We are always trying to list more traditional financial assets because for Aster, it is not just a PerpDEX, but a one-stop trading platform across the entire chain. Therefore, asset diversity is crucial, and RWA is the core cornerstone.

From my personal perspective, on-chain stocks and RWA assets significantly lower the trading threshold for users. Once these assets are on-chain, accessibility will be greatly enhanced, and both the assets themselves and the markets they target will gain broader liquidity.

In addition, for certain specific RWA assets, they inherently possess real yield potential. This is particularly important in DeFi — what we often refer to as “real yield.” Users who experienced DeFi Summer may remember that everyone was frantically chasing high returns, only to later realize it came at the cost of overleveraging token value. However, assets like RWA, which have actual underlying yield support, can inject real yield sources into the DeFi sector once they are on-chain and are expected to become incremental assets for the next phase of DeFi.

From Aster's perspective, we have been actively seeking and promoting the integration of various types of RWA assets. At the same time, we place great emphasis on the compliance and security of asset listings, ensuring that users' transactions do not encounter any issues. Therefore, we continue to explore the diversification of RWA and stock-type asset listings, striving to expand the boundaries of on-chain finance in a robust manner.

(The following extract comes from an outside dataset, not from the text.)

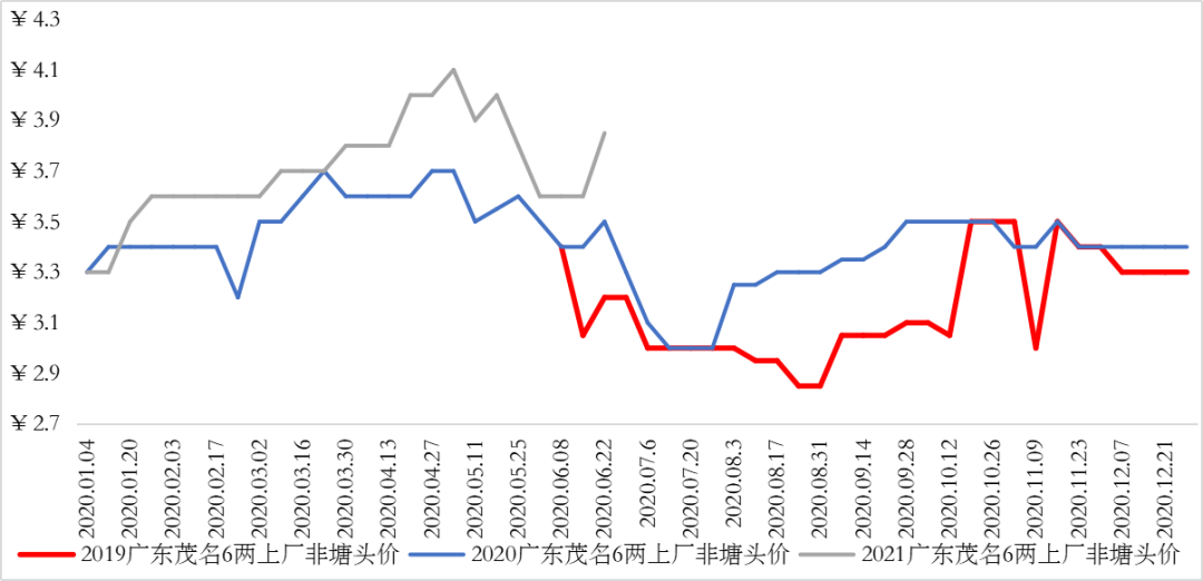 粵西地區(qū):湛江0.6-1斤規(guī)格廠非塘頭價(jià)3.6元/斤,加成最高3.85元/斤,環(huán)比上周上調(diào)0.1元/斤;1斤上規(guī)格4.6元/斤,環(huán)比上周上調(diào)0.05元/斤;茂名0.6-1斤規(guī)格廠非塘頭底價(jià)3.6元/斤,加成最高3.85元/斤,環(huán)比上周上調(diào)0.25元/斤;1-1.6斤規(guī)格塘頭正價(jià)4.65元/斤,環(huán)比上周上調(diào)0.1元/斤;兩地市場(chǎng)非1.5斤上規(guī)格5.3-5.4元/斤,維持上周價(jià)格。

Host Moonlight: Thank you for sharing, this is indeed fantastic! Building a one-stop trading platform undoubtedly brings great convenience to users. RWA assets, especially the US stocks and gold mentioned by the teachers, are becoming new traffic entrances and differentiated growth points in the current Perp DEX field. Next, we would like to delve into a question:

Liquidity is the lifeblood of all trading platforms. In the current market environment, many people believe that the rhythm of this bull market is difficult to grasp. We would like to ask the teachers, what specific strategies or mechanisms do you have to attract and retain deep liquidity in the long term that you can share with the audience present?

Ken—Helix:

Liquidity is absolutely core to any trading platform. Helix's approach is to combine the depth of liquidity at the ecological level with the platform's own liquidity mechanisms to build a relatively complete system, thereby maintaining depth in the long term.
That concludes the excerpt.